El doctor suspiró, se levantó y salió del despacho. Bajó al vestíbulo de la planta baja y llamó a su criado.

—Acaba de ocurrir un penoso accidente —dijo— El joven que había venido a verme era un enfermo mental y ha sufrido un ataque cardíaco. Llame usted inmediatamente a la policía, por favor. Y luego siga haciendo los preparativos del viaje Nos vamos mañana a pesar de todo; mis conferencias no pueden esperar.

—Pero a lo mejor le detiene la policía.

—No creo —el Dr. Dexter movió negativamente la cabeza—. Es un caso que no admite duda. Puedo explicar perfectamente lo sucedido. Cuando llegue la policía, hágamelo saber. Estaré en el jardín.

El doctor atravesó el vestíbulo y salió por la puerta trasera al jardín oculto tras el edificio que daba a Benefit Street. El jardín resplandecía bajo la luna cegadora.

El luminoso espectáculo se hallaba circundado por elevados muros que lo aislaban del mundo. Nadie había allí, salvo el doctor, cuyo halo resplandeciente se mezcló con la luz plateada de la luna.

En ese momento saltaron por encima del muro dos sombras sedosas y negras. En el frescor del jardín se agazaparon, pero pronto avanzaron, suaves y jadeantes, hacia el Dr. Dexter.

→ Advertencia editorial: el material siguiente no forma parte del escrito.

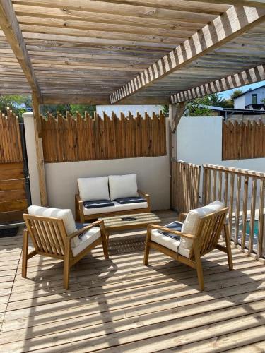 这家空调别墅配有4间卧室、起居室、带冰箱和咖啡机的设施齐全的厨房以及2间带淋浴设施和吹风机的浴室。这家别墅也为客人提供休息区和2间浴室。

A la luz de la luna vio éste que eran dos panteras negras.

Inmóvil contempló cómo se le acercaban, aterciopeladas y terribles, con los ojos relucientes y abiertas quijadas babeantes.

El Dr. Dexter volvió hacia la luna su rostro burlón cuando las bestias se acurrucaron ante él y lamieron sus manos.